What this task involves
Transcribe nothing except the lines below that run from the one with "الأحذية صممت لتكون" to the one with "- 이렇게 탄력적 IP주소를", ends included, and do not copy any picture.

Given records
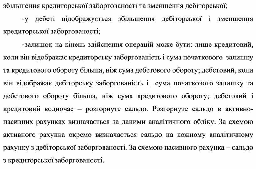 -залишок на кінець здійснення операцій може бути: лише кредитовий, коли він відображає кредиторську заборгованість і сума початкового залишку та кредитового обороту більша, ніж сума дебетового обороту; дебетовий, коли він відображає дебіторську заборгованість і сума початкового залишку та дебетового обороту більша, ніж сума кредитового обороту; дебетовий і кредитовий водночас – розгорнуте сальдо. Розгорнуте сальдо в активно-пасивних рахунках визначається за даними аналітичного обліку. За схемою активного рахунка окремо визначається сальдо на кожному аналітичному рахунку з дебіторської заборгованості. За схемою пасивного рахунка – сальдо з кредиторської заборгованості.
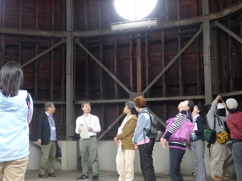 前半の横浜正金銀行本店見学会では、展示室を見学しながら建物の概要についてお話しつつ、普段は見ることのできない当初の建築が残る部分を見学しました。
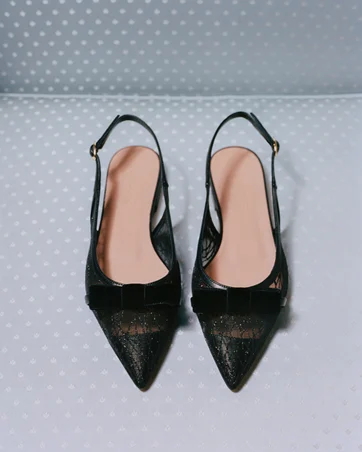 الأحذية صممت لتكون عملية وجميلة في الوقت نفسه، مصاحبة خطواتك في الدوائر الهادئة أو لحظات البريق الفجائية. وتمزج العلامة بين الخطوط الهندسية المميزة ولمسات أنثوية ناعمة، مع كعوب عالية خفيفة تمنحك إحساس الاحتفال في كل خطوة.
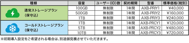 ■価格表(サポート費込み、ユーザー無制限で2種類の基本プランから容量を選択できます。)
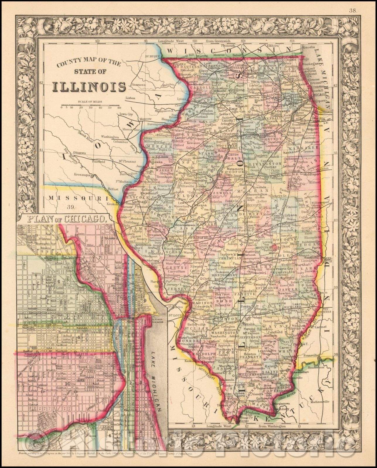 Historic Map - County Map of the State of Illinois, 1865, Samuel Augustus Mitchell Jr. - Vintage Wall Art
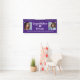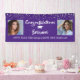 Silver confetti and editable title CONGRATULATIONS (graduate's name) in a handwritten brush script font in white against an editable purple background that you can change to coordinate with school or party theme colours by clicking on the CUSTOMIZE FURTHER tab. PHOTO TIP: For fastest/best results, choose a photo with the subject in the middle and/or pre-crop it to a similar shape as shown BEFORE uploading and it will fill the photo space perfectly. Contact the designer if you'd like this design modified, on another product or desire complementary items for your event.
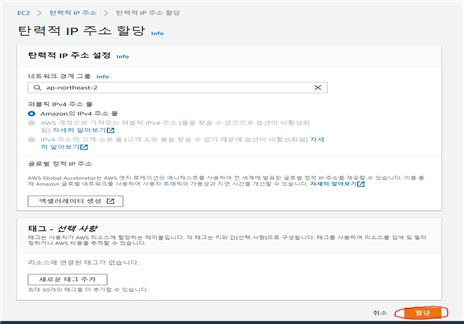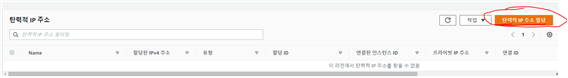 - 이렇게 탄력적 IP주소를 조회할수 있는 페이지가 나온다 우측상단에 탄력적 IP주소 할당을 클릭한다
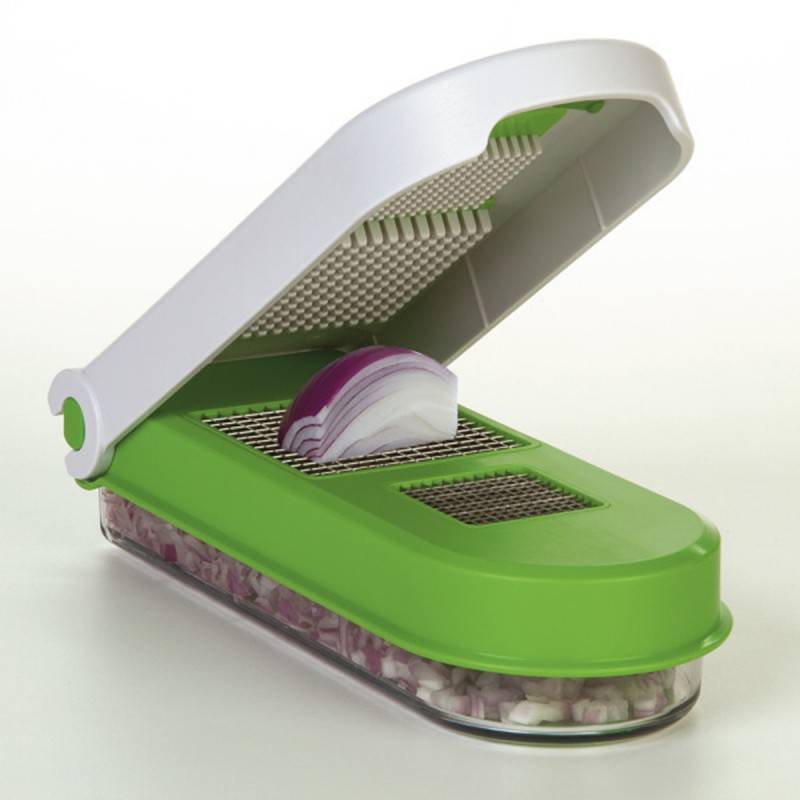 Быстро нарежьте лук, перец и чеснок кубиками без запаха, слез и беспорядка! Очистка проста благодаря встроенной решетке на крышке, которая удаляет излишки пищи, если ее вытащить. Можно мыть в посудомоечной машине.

The completed task
 الأحذية صممت لتكون عملية وجميلة في الوقت نفسه، مصاحبة خطواتك في الدوائر الهادئة أو لحظات البريق الفجائية. وتمزج العلامة بين الخطوط الهندسية المميزة ولمسات أنثوية ناعمة، مع كعوب عالية خفيفة تمنحك إحساس الاحتفال في كل خطوة.
 ■価格表(サポート費込み、ユーザー無制限で2種類の基本プランから容量を選択できます。)
 Historic Map - County Map of the State of Illinois, 1865, Samuel Augustus Mitchell Jr. - Vintage Wall Art
 Silver confetti and editable title CONGRATULATIONS (graduate's name) in a handwritten brush script font in white against an editable purple background that you can change to coordinate with school or party theme colours by clicking on the CUSTOMIZE FURTHER tab. PHOTO TIP: For fastest/best results, choose a photo with the subject in the middle and/or pre-crop it to a similar shape as shown BEFORE uploading and it will fill the photo space perfectly. Contact the designer if you'd like this design modified, on another product or desire complementary items for your event.
 - 이렇게 탄력적 IP주소를 조회할수 있는 페이지가 나온다 우측상단에 탄력적 IP주소 할당을 클릭한다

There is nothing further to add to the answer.